Раден-айу слушала, не веря его словам, видя, как у ее ног разверзается пропасть. И завыв от горя, зарычав, как раненая львица, она вынула из своих волос драгоценные заколки, так что длинные седые волосы рассыпались по плечам; она рывком разодрала на себе атласный кабай, не владея собой от боли, отчаяния, поднявшихся из зияющей пропасти и окутавших ее словно туманом, она бросилась к ногам европейца, с силой схватила его обеими руками за ногу, поставила ее одним движением, от которого ван Аудейк зашатался, себе на пригнутую к земле шею и выкрикнула, что она, дочь султанов Мадуры, вечно будет его рабой, что она клянется быть лишь его рабой, если он в этот единственный раз смилостивится над ее сыном и не столкнет ее род в пропасть позора, которая разверзлась вокруг нее. И она сжимала ногу европейца с силой отчаяния, прижимала подметку и каблук его ботинка к своей склоненной шее и разметавшимся по полу седым волосам. Ван Аудейк дрожал от волнения. Он понимал, что эта высокомерная женщина никогда бы так не унизила себя – явно без предварительного замысла, – до самого неистового унижения, которое только могла придумать, не позволила бы себе такого исступленного выражения страдания, на какое только способны женщины – распустив волосы, поставив ногу властелина себе на шею, – если бы не была потрясена до самой глубины души, если бы не испытывала
В этот миг в кабинет вошла Леони. Она видела, как разыгрывалась драма, и была тронута, точно прочитанной книгой. Она испытала что-то вроде сочувствия. Она подошла к раден-айу, бросившейся ей в объятия, как женщина к женщине, в безнадежном отчаянии от неотвратимости несчастья. И Леони, обратив к ван Аудейку взгляд своих красивых глаз, вступилась за старую женщину, прошептав: «Уступи ей!» В сухой душе Леони расцвел один-единственный цветок сочувствия. «Уступи ей!» – прошептала она еще раз. И во второй раз заколебался ван Аудейк. Он никогда ни в чем не отказывал своей жене, каким бы дорогим ни было то, о чем она просила. Но здесь он должен был бы пожертвовать своим принципом никогда не отменять принятое решение, доводить до конца начатое. Благодаря этому принципу он всегда владел будущим. Благодаря ему все происходило так, как он хотел. Благодаря ему он никогда не проявлял ни малейшей слабости. И ван Аудейк сказал, что это неосуществимо.

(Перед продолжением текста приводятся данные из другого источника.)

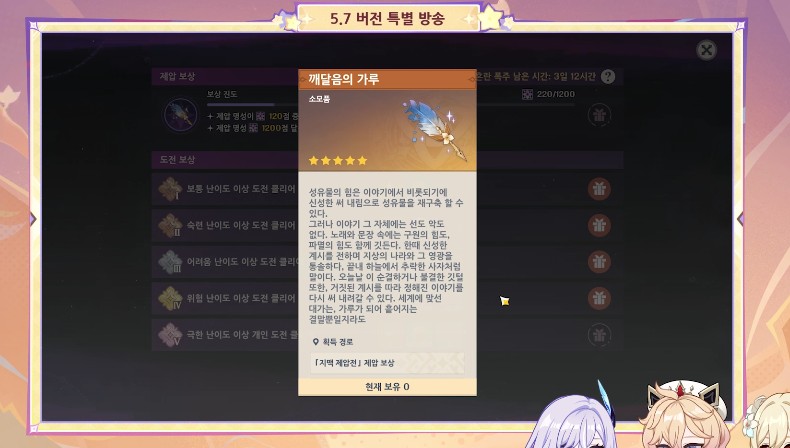 매 버전 지맥 제압전 콘텐츠를 통해 3개의 '깨달음의 가루'를 무료로 획득 할 수 있고 진주기행/진주의 노래 보상으로 1개씩 얻을 수 있습니다.
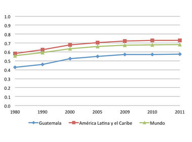 | IDH EN GUATEMA | Entre 1980 y 2011 el IDH de Guatemala creció en un 0.95% anual, pasándose del 0.428 hasta 0.574 de la actualidad lo que coloca al país en la posición 131 de 187 países para los que disponen datos comparables. |
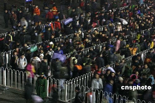 2009年1月19日晚,北京西客站客流大幅攀升,廣大旅客通過S形護欄有序進站。面對今年的春運客流,北京西站充分借鑒奧運場館觀眾分流經驗,提前部署,及早安排,在客流密集的北廣場東西雙向設置了兩處S形護欄,由工作人員在入口處指揮,分流、引導旅客有序進站,確保了春運安全。 中新社發 魯谷 攝
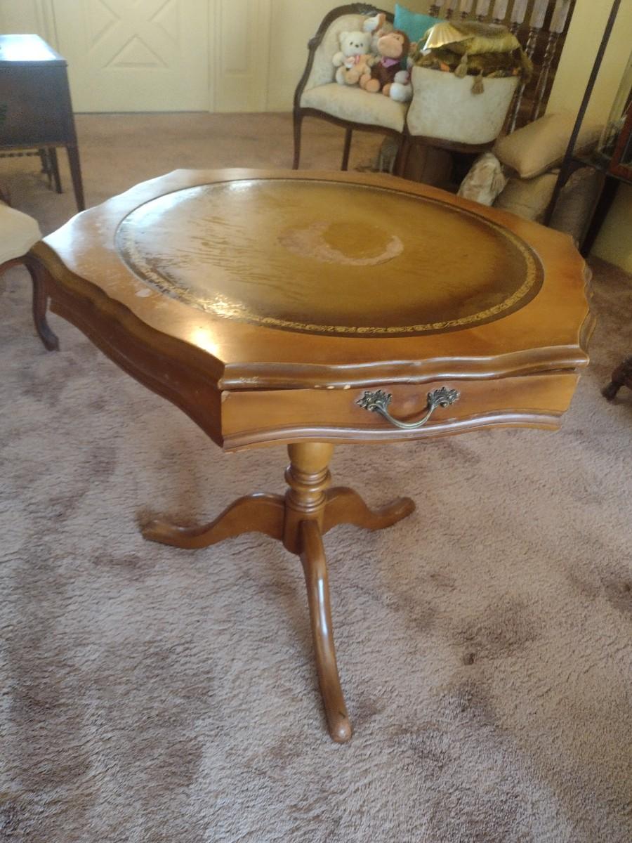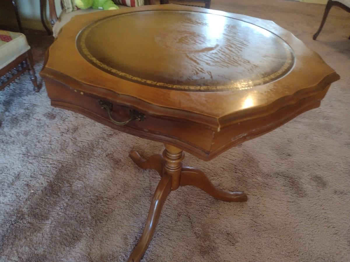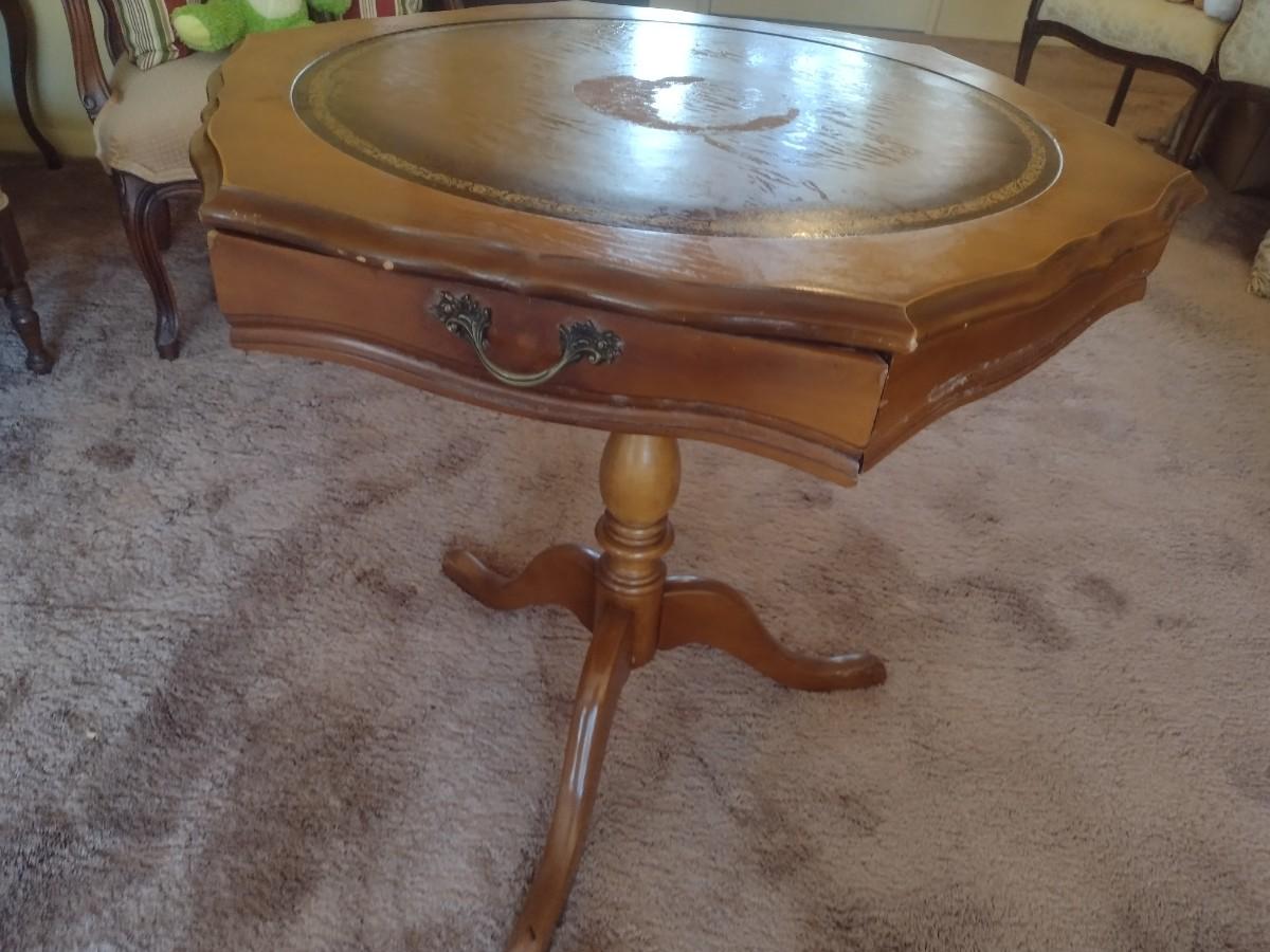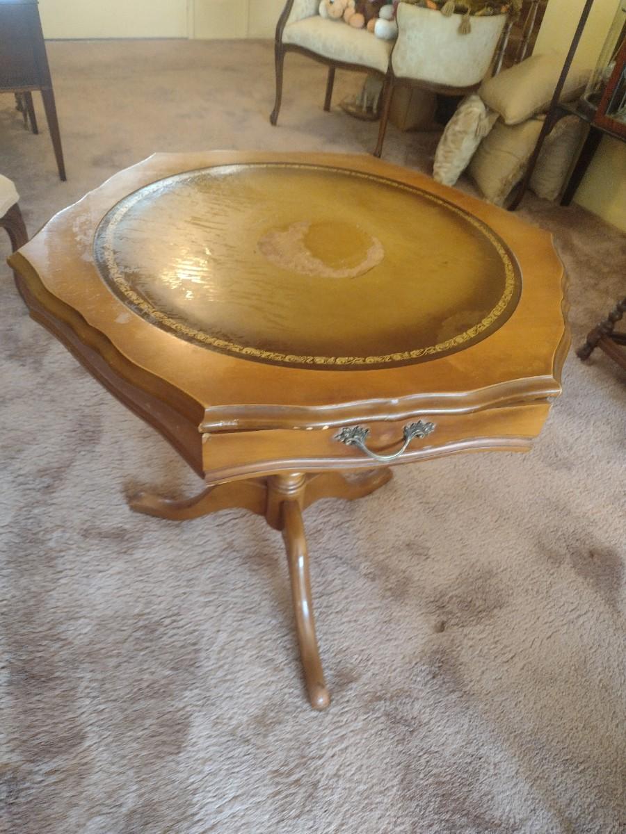 Mid Century Hexagonal Pedestal Side Table with Leather Inlay Top. Water spot on surface as shown

Возможно, если бы он уступил, вся его жизнь сложилась бы иначе. Но он неисправимо не умел почувствовать те святые моменты, когда человек не должен следовать своей собственной воле, а должен благочестиво подчиниться велению тайных сил. Эти моменты он не чтил, не распознавал, не признавал никогда и ни при каких обстоятельствах. Он был человеком ясного, логически обоснованного, по-мужски простого чувства долга, человеком ясной, простой жизни. Ему было неведомо, что в глубинах этой простой жизни скрываются все те силы, которые вместе образуют всемогущую тайную силу. Он бы посмеялся, если бы ему сказали, что существуют народы, которые имеют более тесную связь с этой силой, чем европейцы. Что в этих народах есть отдельные люди, в чьей руке она теряет свое всемогущество и становится инструментом; если ли бы кто-то высказал при нем такое предположение, он бы пожал плечами и пошел дальше. Никакой опыт ничему его не учил. Бывало, какой-то миг он чего-то не понимал, но потом снова сжимал в своем мужском кулаке цепь своей логики и соединял друг с другом железные звенья фактов…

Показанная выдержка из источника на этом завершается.